* _SOURCE DATA_:
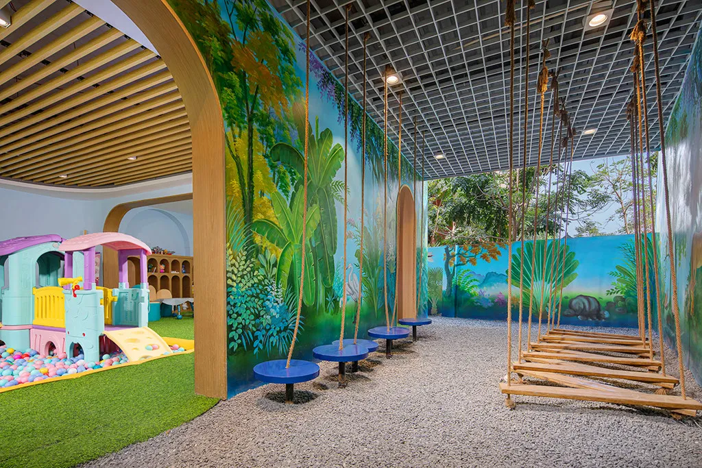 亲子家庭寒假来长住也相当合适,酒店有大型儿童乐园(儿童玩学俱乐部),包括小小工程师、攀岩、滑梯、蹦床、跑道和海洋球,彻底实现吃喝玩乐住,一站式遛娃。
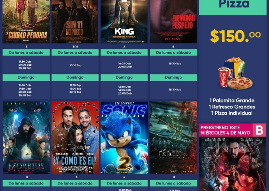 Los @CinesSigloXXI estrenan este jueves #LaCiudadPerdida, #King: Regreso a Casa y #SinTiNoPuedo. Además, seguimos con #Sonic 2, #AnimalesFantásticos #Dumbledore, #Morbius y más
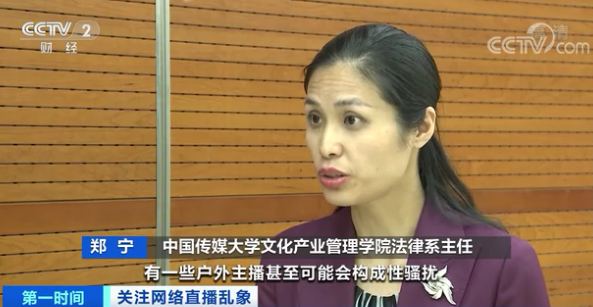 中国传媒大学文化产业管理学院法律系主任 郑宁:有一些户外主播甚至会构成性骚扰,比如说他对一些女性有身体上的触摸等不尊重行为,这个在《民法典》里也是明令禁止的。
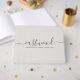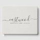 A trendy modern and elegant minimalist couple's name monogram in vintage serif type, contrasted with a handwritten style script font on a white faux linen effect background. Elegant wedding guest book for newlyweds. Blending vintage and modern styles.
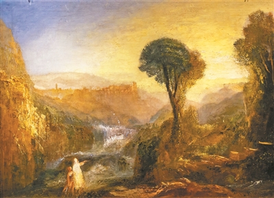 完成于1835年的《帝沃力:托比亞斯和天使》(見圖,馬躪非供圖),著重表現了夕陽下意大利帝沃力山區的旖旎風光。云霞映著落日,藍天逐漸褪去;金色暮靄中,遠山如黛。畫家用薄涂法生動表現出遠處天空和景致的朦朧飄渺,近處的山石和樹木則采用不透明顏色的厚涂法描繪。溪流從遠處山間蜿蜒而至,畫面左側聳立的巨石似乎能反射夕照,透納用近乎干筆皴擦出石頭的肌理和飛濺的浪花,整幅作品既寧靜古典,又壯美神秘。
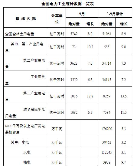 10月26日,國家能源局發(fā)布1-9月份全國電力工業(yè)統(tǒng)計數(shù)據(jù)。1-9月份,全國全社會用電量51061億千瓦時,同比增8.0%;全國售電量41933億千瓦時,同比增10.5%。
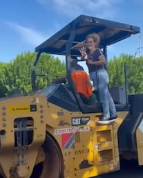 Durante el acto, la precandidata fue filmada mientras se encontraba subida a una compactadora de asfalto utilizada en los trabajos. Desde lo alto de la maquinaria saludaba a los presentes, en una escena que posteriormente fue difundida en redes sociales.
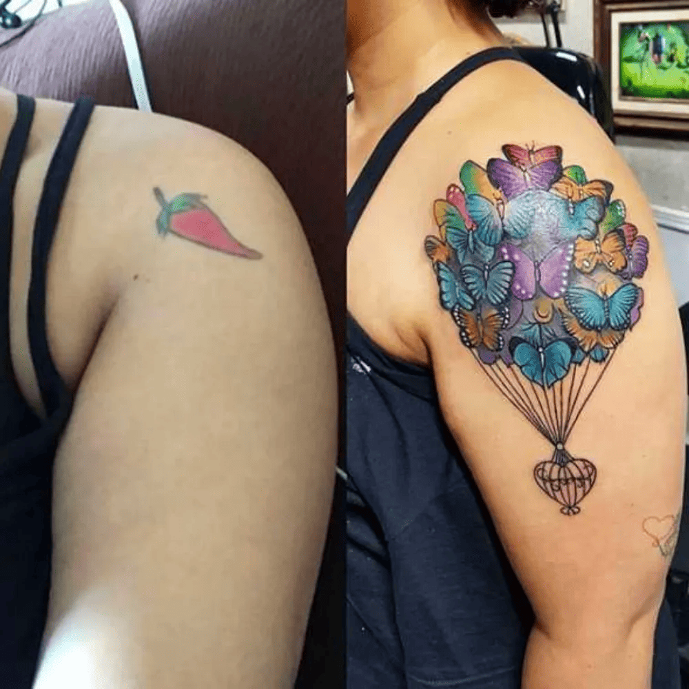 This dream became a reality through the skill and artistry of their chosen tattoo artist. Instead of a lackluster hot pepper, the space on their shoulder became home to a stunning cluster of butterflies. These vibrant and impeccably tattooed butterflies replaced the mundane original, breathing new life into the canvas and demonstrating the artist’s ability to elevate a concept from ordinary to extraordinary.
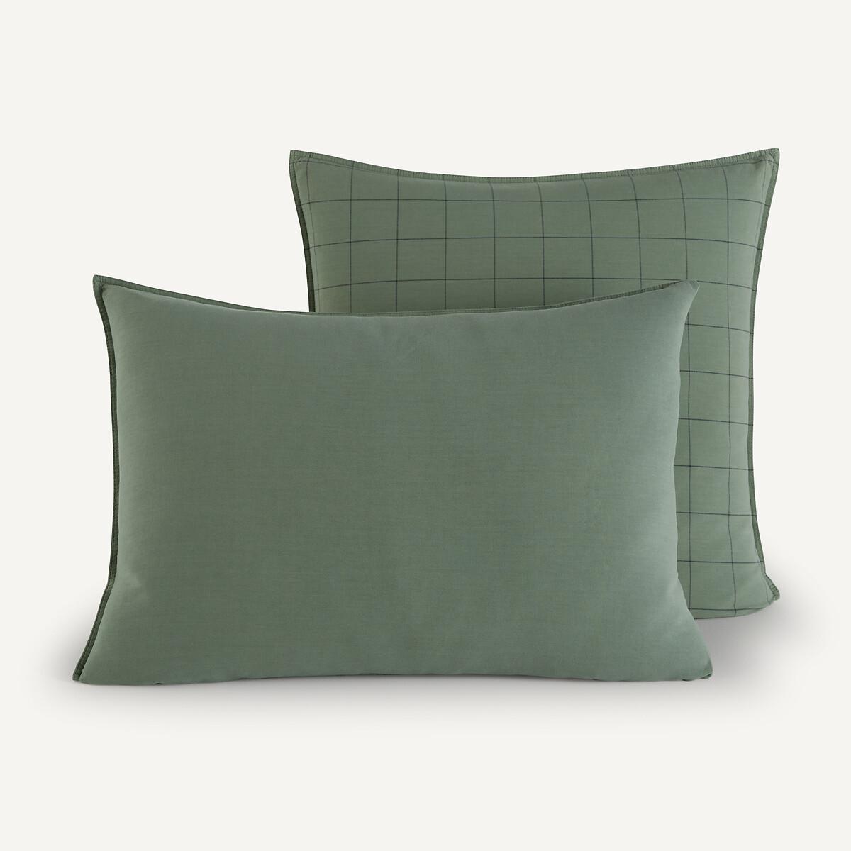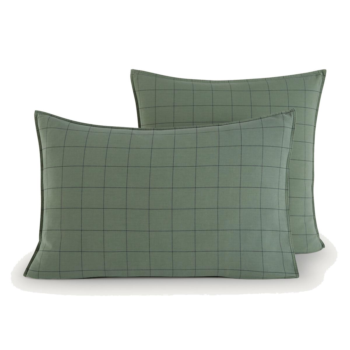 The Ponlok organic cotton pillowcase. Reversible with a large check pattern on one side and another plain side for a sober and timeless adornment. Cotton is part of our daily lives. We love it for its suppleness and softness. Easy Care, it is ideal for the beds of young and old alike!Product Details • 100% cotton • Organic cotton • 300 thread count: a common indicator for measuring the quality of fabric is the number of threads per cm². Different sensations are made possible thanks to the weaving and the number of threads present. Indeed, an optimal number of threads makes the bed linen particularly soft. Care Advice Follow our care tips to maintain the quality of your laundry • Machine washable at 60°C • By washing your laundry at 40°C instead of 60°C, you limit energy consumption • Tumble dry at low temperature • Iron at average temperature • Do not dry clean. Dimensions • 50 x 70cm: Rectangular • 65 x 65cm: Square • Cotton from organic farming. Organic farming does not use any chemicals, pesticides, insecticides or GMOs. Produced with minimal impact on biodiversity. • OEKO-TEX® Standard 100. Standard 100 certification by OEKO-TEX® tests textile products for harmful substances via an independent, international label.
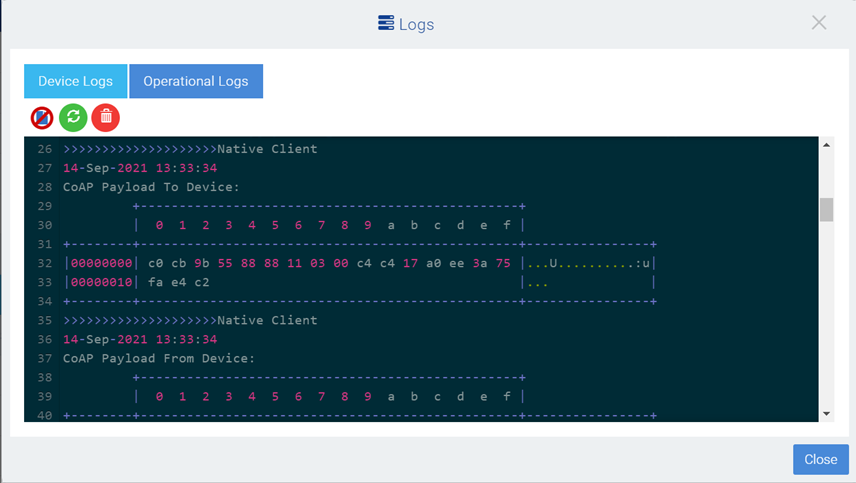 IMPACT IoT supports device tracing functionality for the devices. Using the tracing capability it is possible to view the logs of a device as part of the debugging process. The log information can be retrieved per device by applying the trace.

* _DESCRIPTION OF THE TASK_: All that should appear in the answer is the lines above from the line with "中国传媒大学文化产业管理学院" through the line with "Durante el acto, la", retyped exactly, pictures left out.

* _RESULT_:
 中国传媒大学文化产业管理学院法律系主任 郑宁:有一些户外主播甚至会构成性骚扰,比如说他对一些女性有身体上的触摸等不尊重行为,这个在《民法典》里也是明令禁止的。
 A trendy modern and elegant minimalist couple's name monogram in vintage serif type, contrasted with a handwritten style script font on a white faux linen effect background. Elegant wedding guest book for newlyweds. Blending vintage and modern styles.
 完成于1835年的《帝沃力:托比亞斯和天使》(見圖,馬躪非供圖),著重表現了夕陽下意大利帝沃力山區的旖旎風光。云霞映著落日,藍天逐漸褪去;金色暮靄中,遠山如黛。畫家用薄涂法生動表現出遠處天空和景致的朦朧飄渺,近處的山石和樹木則采用不透明顏色的厚涂法描繪。溪流從遠處山間蜿蜒而至,畫面左側聳立的巨石似乎能反射夕照,透納用近乎干筆皴擦出石頭的肌理和飛濺的浪花,整幅作品既寧靜古典,又壯美神秘。
 10月26日,國家能源局發(fā)布1-9月份全國電力工業(yè)統(tǒng)計數(shù)據(jù)。1-9月份,全國全社會用電量51061億千瓦時,同比增8.0%;全國售電量41933億千瓦時,同比增10.5%。
 Durante el acto, la precandidata fue filmada mientras se encontraba subida a una compactadora de asfalto utilizada en los trabajos. Desde lo alto de la maquinaria saludaba a los presentes, en una escena que posteriormente fue difundida en redes sociales.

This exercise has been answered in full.